===== Provided material

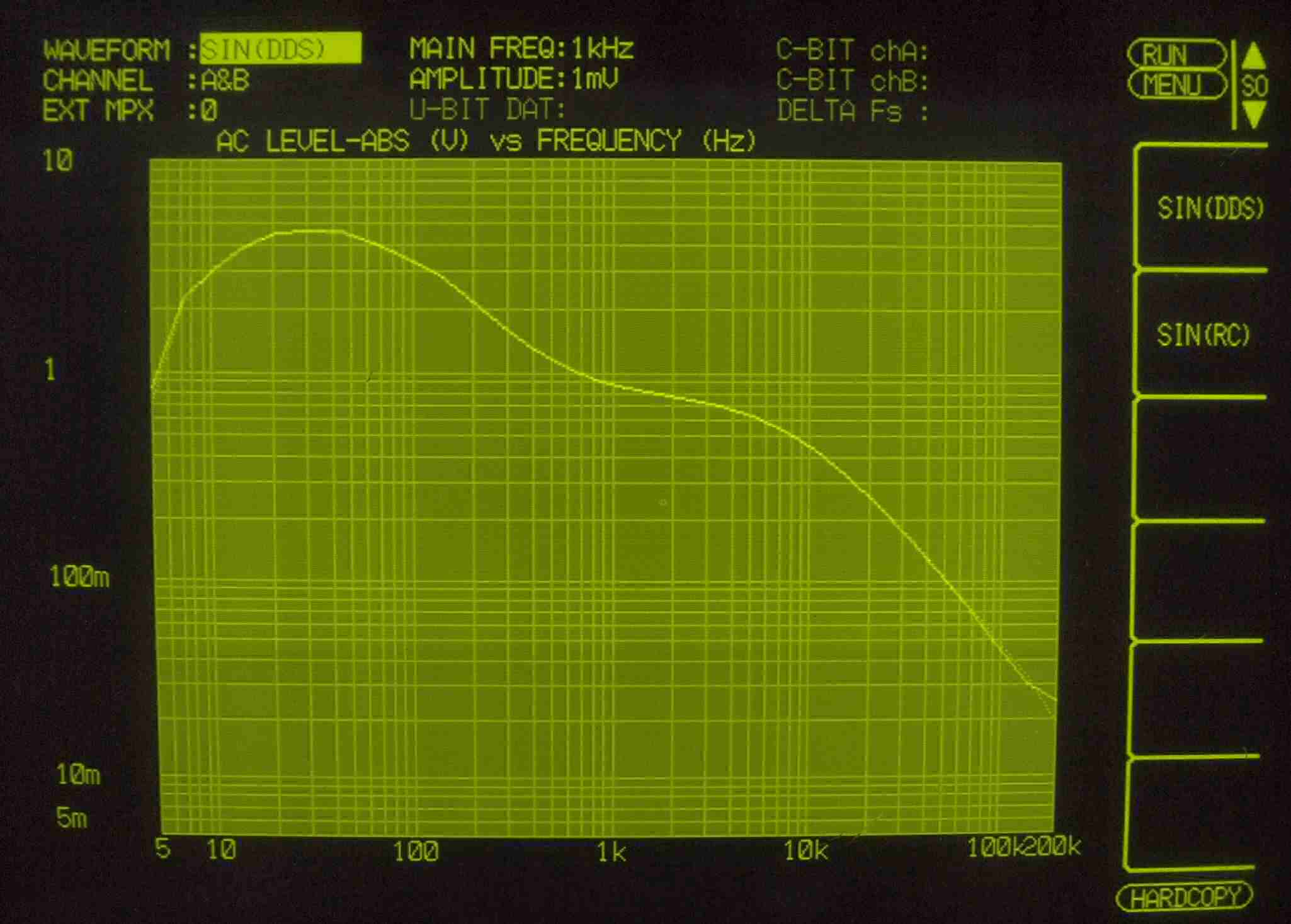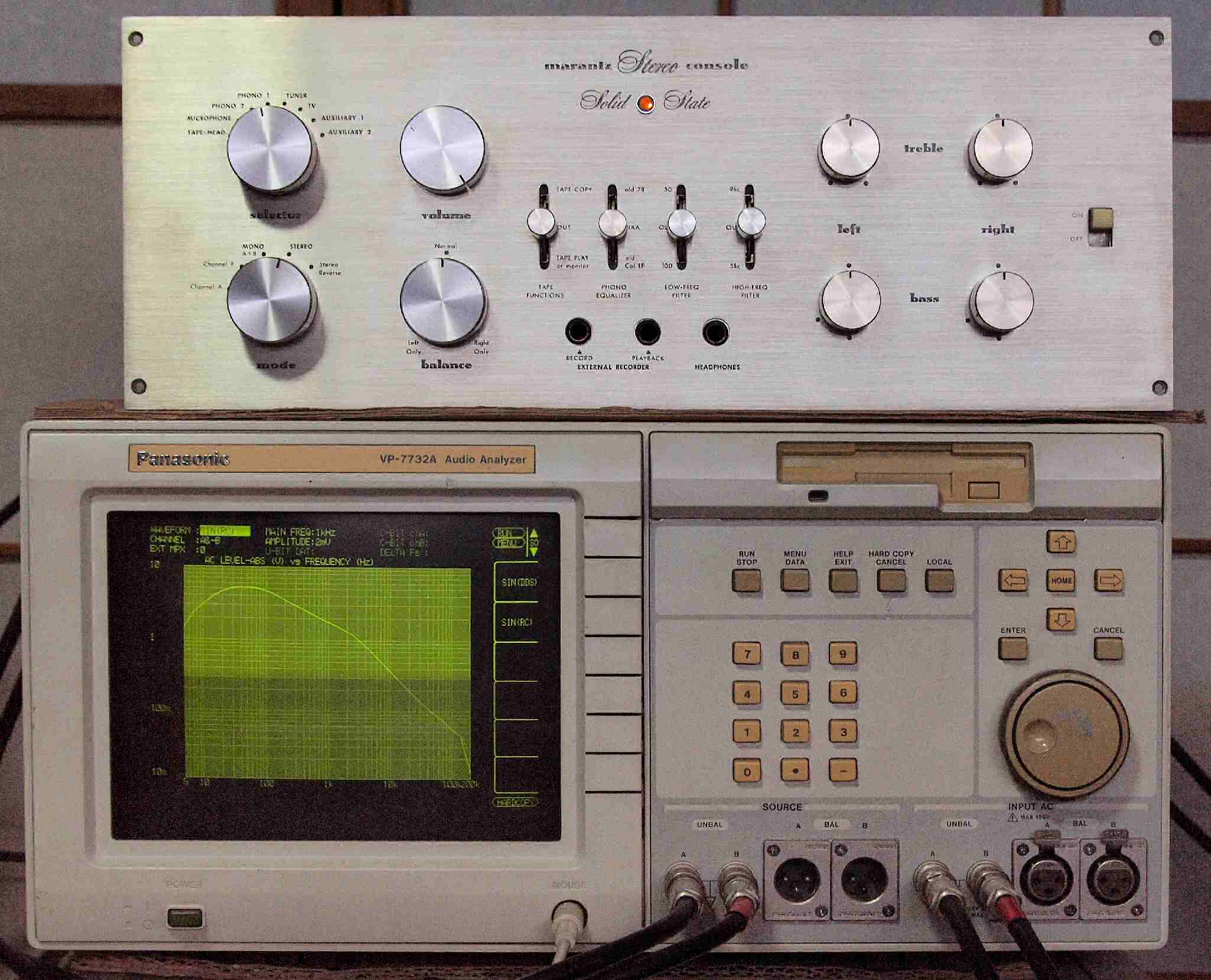 | F. 上位測定器による 調整・測定。 画像をクリックすると、大きく(横幅2050ドット)表示されます。 F1. 下のオーディオアナライザーVP−7732Aで自動測定。 |
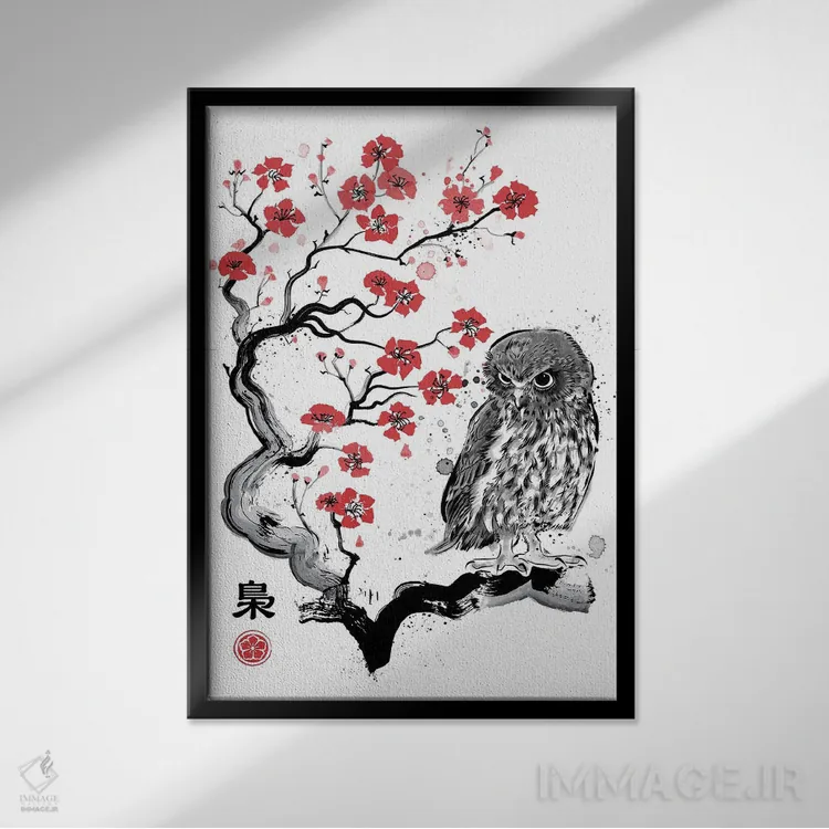 اگر میخواهید دیوار کمی سرزندگیِ محترمانه داشته باشد، «فوکورو سومیه (نقاشی سنتی جوهری جغد)» اثرِ «آنتونیو کامارنا» به دیوار، انرژیِ نرم و زنده میدهد، برای راهروها و ورودیهای گرم گزینهٔ مناسبیست. به دیوار، قصه میدهد—اما قصهای آرام و شیک.
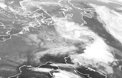 Der Ausschnitt zeigt das Tief über Böhmen genauer, man erkennt sehr schön den Vorstoß kalter Meeresluft von der Nordsee her nach Deutschland. Auf dem Balkan haben sich kräftige Gewitter gebildet.
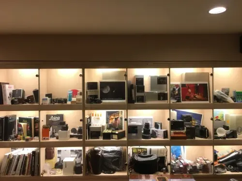 走到咖啡館的最裡頭,這裡的裝潢擺設全是以徠卡相機為主題,復古式的皮椅也頗吸引寶小銘的目光。
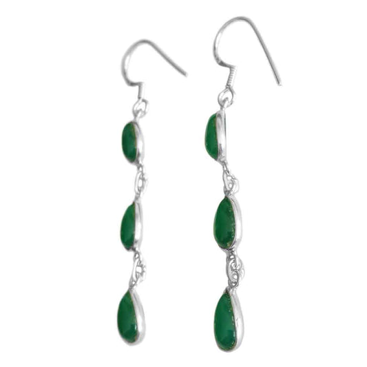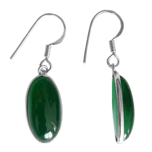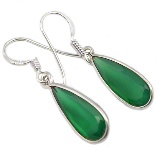 Boucles d’oreilles pendantes onyx vert en argent massif 925
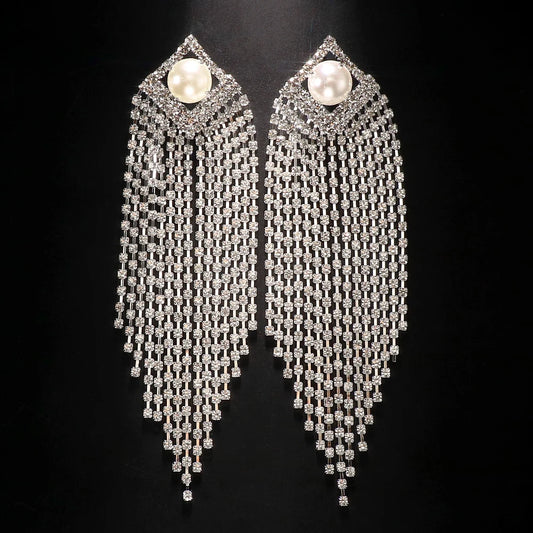 Pearl Long Tassel Earrings With Silver Needle Crystal Rhinestone Sparkling Party Accessories

==========

## The task:
Copy exactly the lines that begin at the one containing "Boucles d’oreilles pendantes" and end at the last line of the records, both included, omitting the pictures.

## Response:
 Boucles d’oreilles pendantes onyx vert en argent massif 925
 Pearl Long Tassel Earrings With Silver Needle Crystal Rhinestone Sparkling Party Accessories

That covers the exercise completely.